=== TASK ITEM ===
Could you restate all of the records exactly, leaving out the pictures?

=== Dataset entries ===
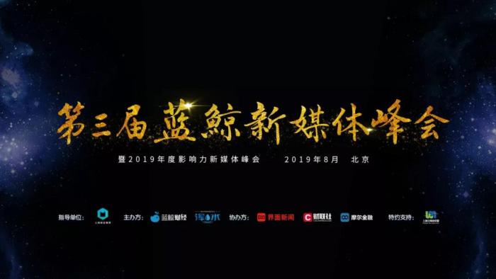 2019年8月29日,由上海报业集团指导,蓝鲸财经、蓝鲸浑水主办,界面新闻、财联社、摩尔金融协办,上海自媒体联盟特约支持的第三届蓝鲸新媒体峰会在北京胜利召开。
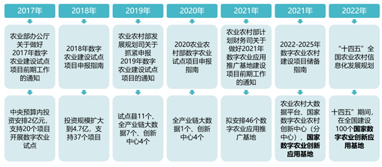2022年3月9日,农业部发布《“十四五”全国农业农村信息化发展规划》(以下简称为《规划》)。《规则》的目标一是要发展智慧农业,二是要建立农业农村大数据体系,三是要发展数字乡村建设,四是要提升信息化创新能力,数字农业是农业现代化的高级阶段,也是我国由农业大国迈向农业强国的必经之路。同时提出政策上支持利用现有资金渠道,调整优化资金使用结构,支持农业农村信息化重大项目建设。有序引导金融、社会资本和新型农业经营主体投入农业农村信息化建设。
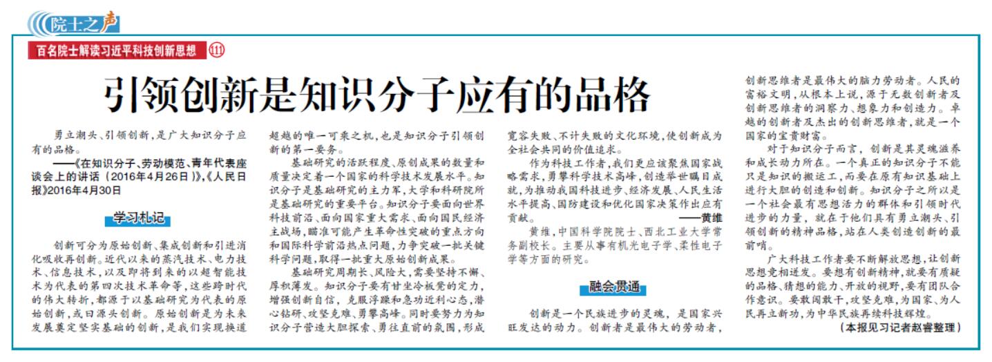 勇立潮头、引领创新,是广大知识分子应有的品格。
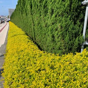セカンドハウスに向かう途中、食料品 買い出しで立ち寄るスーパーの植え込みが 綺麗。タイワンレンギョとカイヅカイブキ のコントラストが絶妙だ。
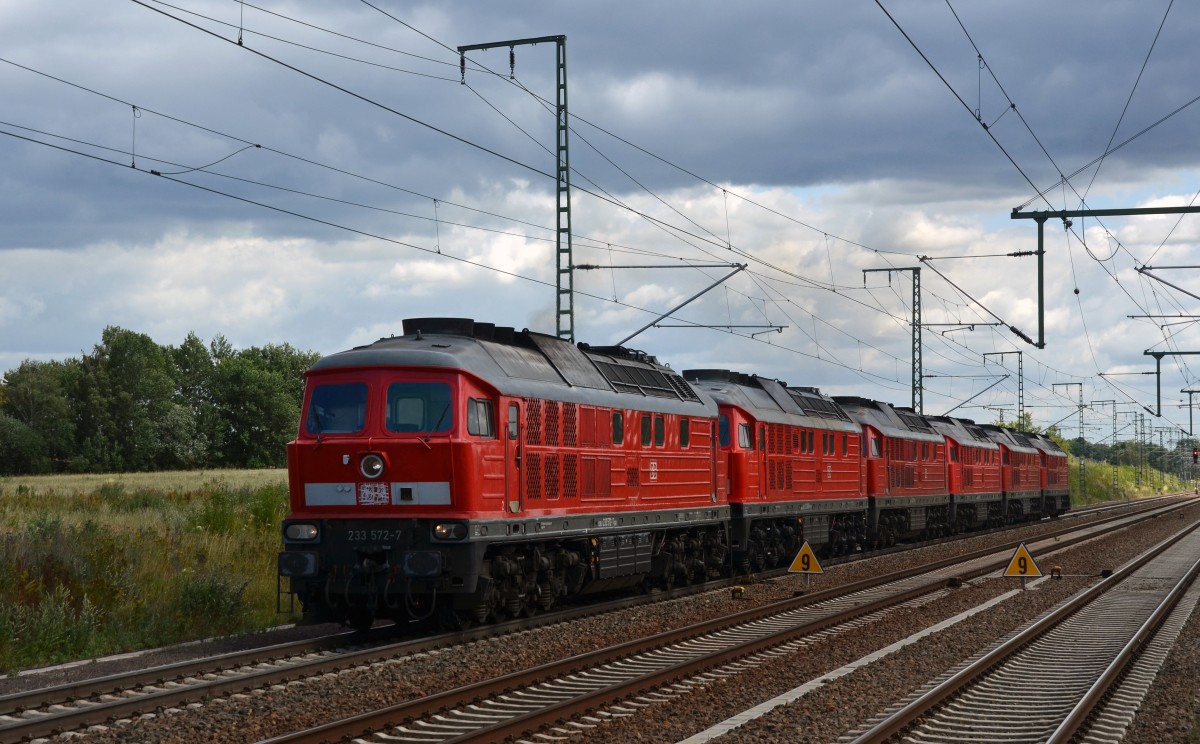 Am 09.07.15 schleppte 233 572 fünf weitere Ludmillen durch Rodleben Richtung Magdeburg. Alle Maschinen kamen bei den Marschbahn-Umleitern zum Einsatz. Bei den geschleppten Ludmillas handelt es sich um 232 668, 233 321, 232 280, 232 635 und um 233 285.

=== ANSWER FOR THE TASK ===
 2019年8月29日,由上海报业集团指导,蓝鲸财经、蓝鲸浑水主办,界面新闻、财联社、摩尔金融协办,上海自媒体联盟特约支持的第三届蓝鲸新媒体峰会在北京胜利召开。
2022年3月9日,农业部发布《“十四五”全国农业农村信息化发展规划》(以下简称为《规划》)。《规则》的目标一是要发展智慧农业,二是要建立农业农村大数据体系,三是要发展数字乡村建设,四是要提升信息化创新能力,数字农业是农业现代化的高级阶段,也是我国由农业大国迈向农业强国的必经之路。同时提出政策上支持利用现有资金渠道,调整优化资金使用结构,支持农业农村信息化重大项目建设。有序引导金融、社会资本和新型农业经营主体投入农业农村信息化建设。
 勇立潮头、引领创新,是广大知识分子应有的品格。
セカンドハウスに向かう途中、食料品 買い出しで立ち寄るスーパーの植え込みが 綺麗。タイワンレンギョとカイヅカイブキ のコントラストが絶妙だ。
 Am 09.07.15 schleppte 233 572 fünf weitere Ludmillen durch Rodleben Richtung Magdeburg. Alle Maschinen kamen bei den Marschbahn-Umleitern zum Einsatz. Bei den geschleppten Ludmillas handelt es sich um 232 668, 233 321, 232 280, 232 635 und um 233 285.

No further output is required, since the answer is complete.